Exact copy, no pictures: take the lines of the listing below from the first through the one containing "다음과 같이 안내합니다.".
::: AVAILABLE DATA :::
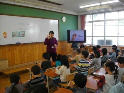 6年生は,卒業式に向けて,二部合唱の練習をしています。1年生は,おはしの持ち方を学習しています。
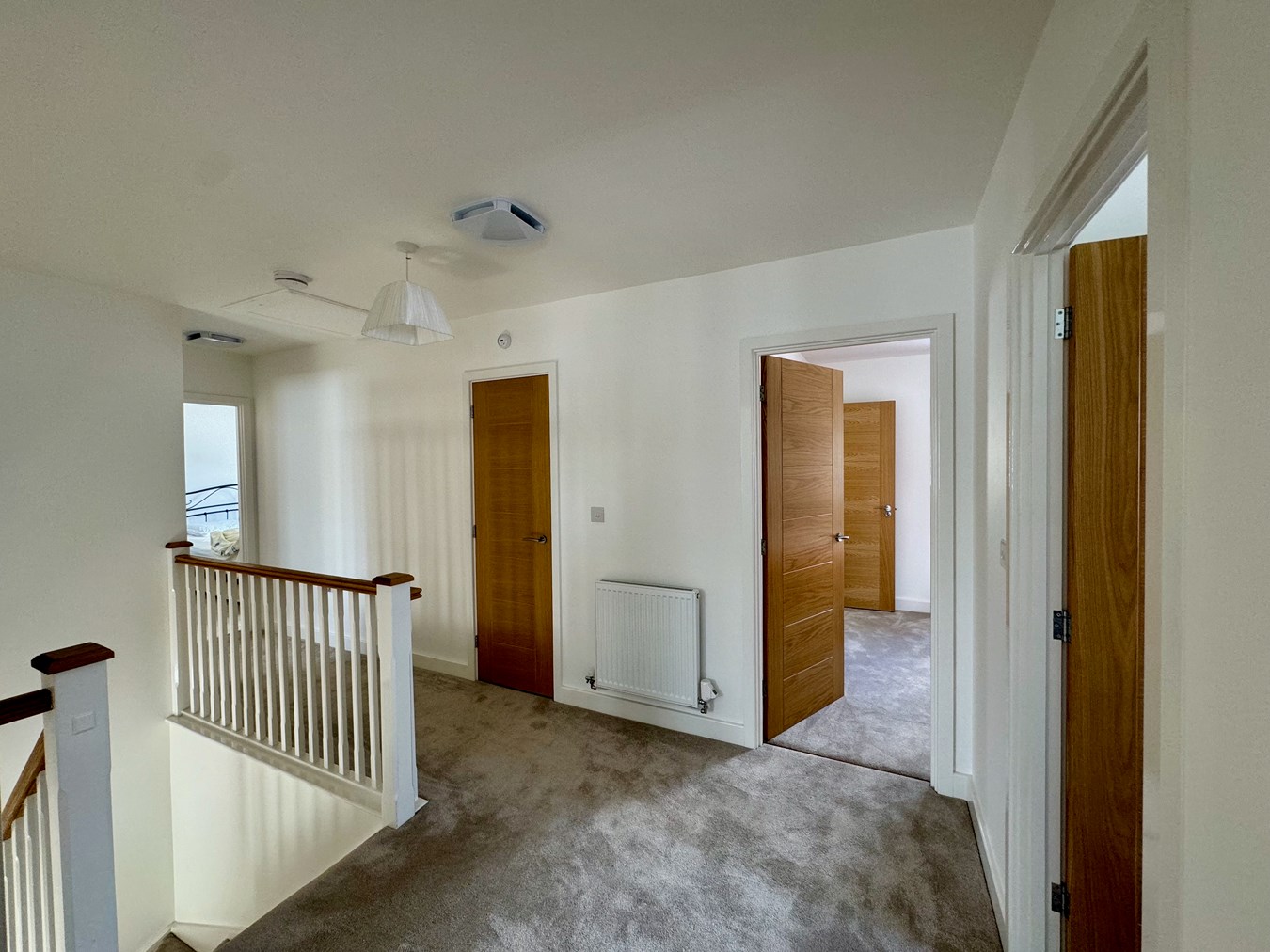 Carpeted stairs lead to gallery landing with bedrooms and bathroom off
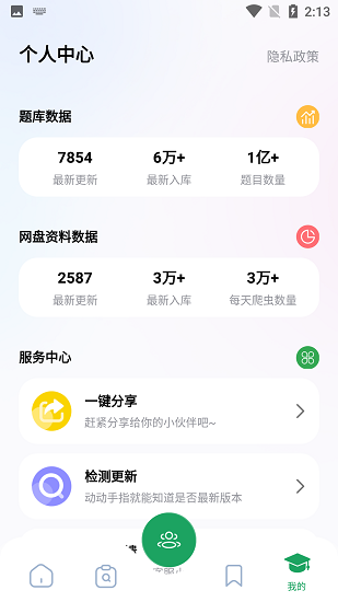 4、每天更新的学习资料数据都会显示在个人中心,让大家及时查看。
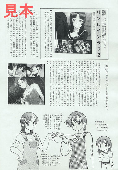 なお、同誌にはこのほか、リフラブとギャルゲーの双璧をなす「ときめきメモリアル2」をはじめ「火魅子伝 〜恋解〜」「季節を抱きしめて」「新世紀ロボット戦記 ブレイブサーガ」などゲーム評が多数掲載されています。
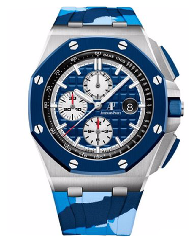 This is a New/Unworn Audemars Piguet Royal Oak Offshore Men’s Watch. It has a 44mm Stainless Steel Case, Blue dial on a Blue Rubber Strap. The watch is powered by Automatic movement.
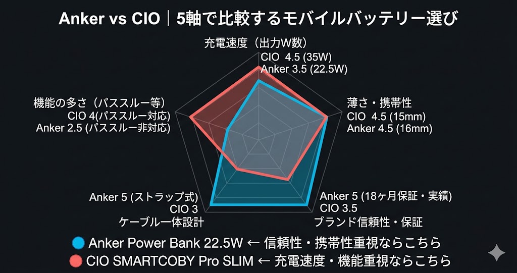 | 比較軸 | Anker Power Bank 22.5W | CIO SMARTCOBY Pro SLIM |
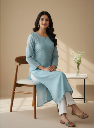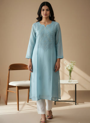 Swara Blue - Anjuman Chanderi Cotton Chikankari Kurta
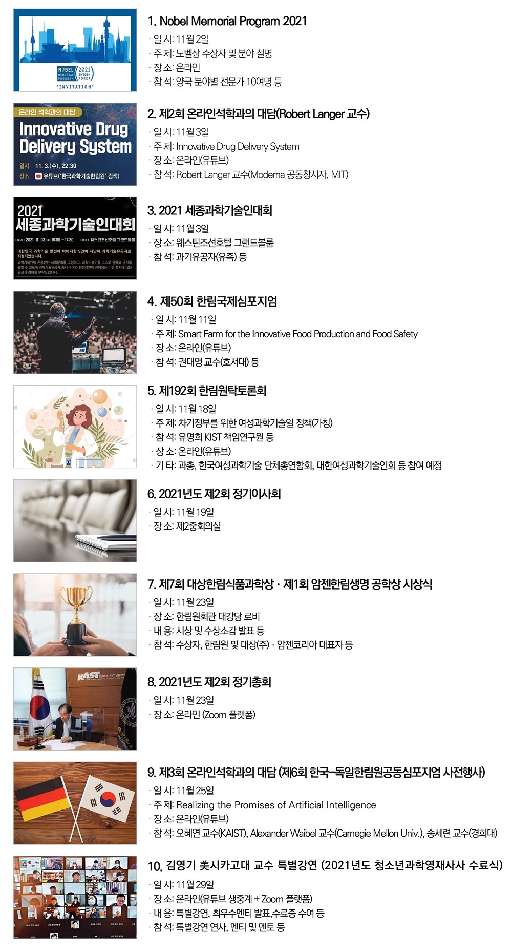 ※ 한국과학기술한림원의 11월 회의 및 행사 계획을 다음과 같이 안내합니다.
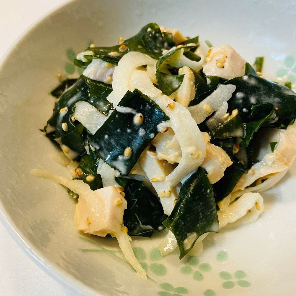 スモークチキンスライスを食べやすい大きさにカットして、ワカメとスライスした新玉ねぎを和えてサラダにしました。
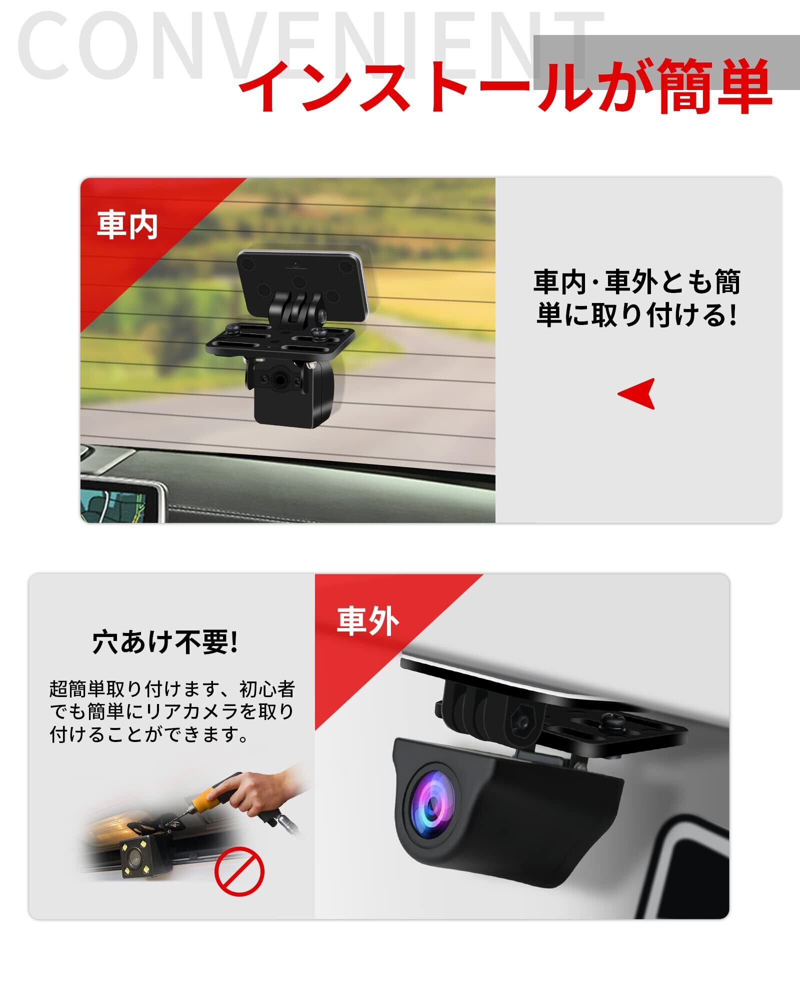 取り付け簡単:リアカメラ ステーは車に穴を開ける必要がありません。車への取り付けは、複雑な配線は必要ありません。初心者でも簡単に取り付けられます。
:::
■ **REPLY**
 6年生は,卒業式に向けて,二部合唱の練習をしています。1年生は,おはしの持ち方を学習しています。
 Carpeted stairs lead to gallery landing with bedrooms and bathroom off
 4、每天更新的学习资料数据都会显示在个人中心,让大家及时查看。
 なお、同誌にはこのほか、リフラブとギャルゲーの双璧をなす「ときめきメモリアル2」をはじめ「火魅子伝 〜恋解〜」「季節を抱きしめて」「新世紀ロボット戦記 ブレイブサーガ」などゲーム評が多数掲載されています。
 This is a New/Unworn Audemars Piguet Royal Oak Offshore Men’s Watch. It has a 44mm Stainless Steel Case, Blue dial on a Blue Rubber Strap. The watch is powered by Automatic movement.
 | 比較軸 | Anker Power Bank 22.5W | CIO SMARTCOBY Pro SLIM |
 Swara Blue - Anjuman Chanderi Cotton Chikankari Kurta
 ※ 한국과학기술한림원의 11월 회의 및 행사 계획을 다음과 같이 안내합니다.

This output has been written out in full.